[RECORDS — start]

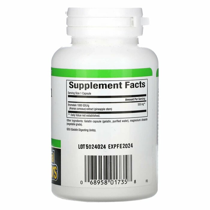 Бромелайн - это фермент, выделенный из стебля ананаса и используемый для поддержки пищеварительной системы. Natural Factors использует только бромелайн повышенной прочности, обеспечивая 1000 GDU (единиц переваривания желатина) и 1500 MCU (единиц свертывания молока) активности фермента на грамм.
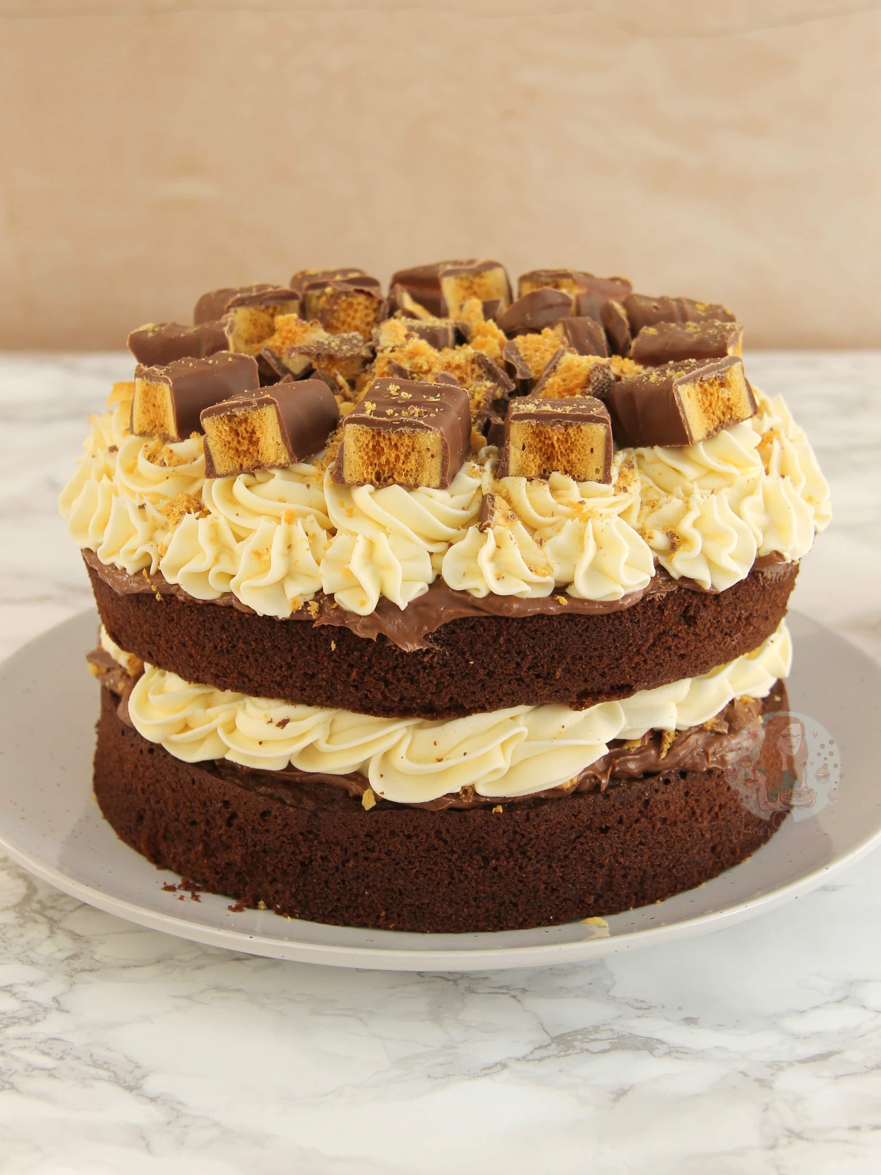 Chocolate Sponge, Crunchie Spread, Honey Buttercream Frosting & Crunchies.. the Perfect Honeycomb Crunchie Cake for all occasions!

[RECORDS — finish]
[RECORDS — start]

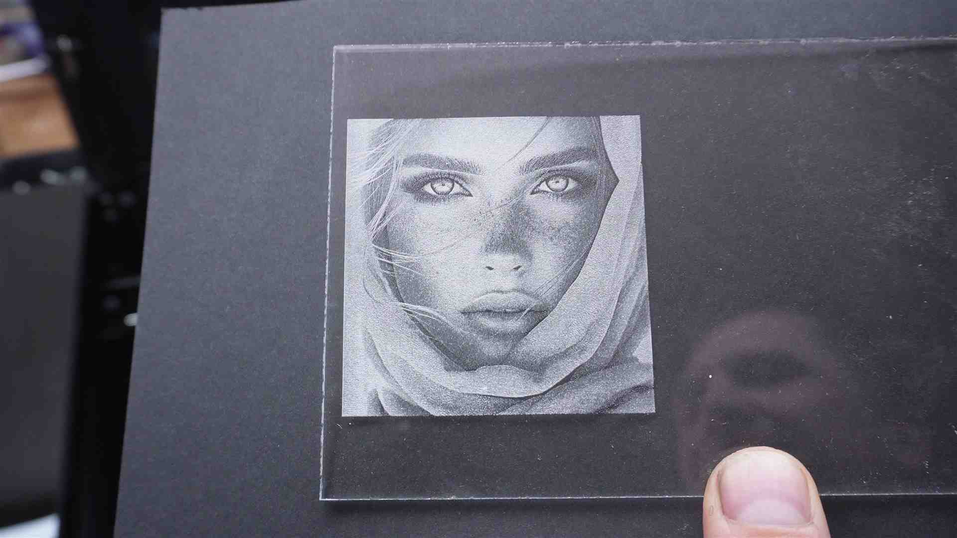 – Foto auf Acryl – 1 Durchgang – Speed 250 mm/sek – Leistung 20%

[RECORDS — finish]

YOUR GOAL: Repeat only the stretch of data above that runs from the line with "Бромелайн - это" to the line with "Chocolate Sponge, Crunchie". Keep both end lines; exclude pictures.

REPLY TO THE EXERCISE:
 Бромелайн - это фермент, выделенный из стебля ананаса и используемый для поддержки пищеварительной системы. Natural Factors использует только бромелайн повышенной прочности, обеспечивая 1000 GDU (единиц переваривания желатина) и 1500 MCU (единиц свертывания молока) активности фермента на грамм.
 Chocolate Sponge, Crunchie Spread, Honey Buttercream Frosting & Crunchies.. the Perfect Honeycomb Crunchie Cake for all occasions!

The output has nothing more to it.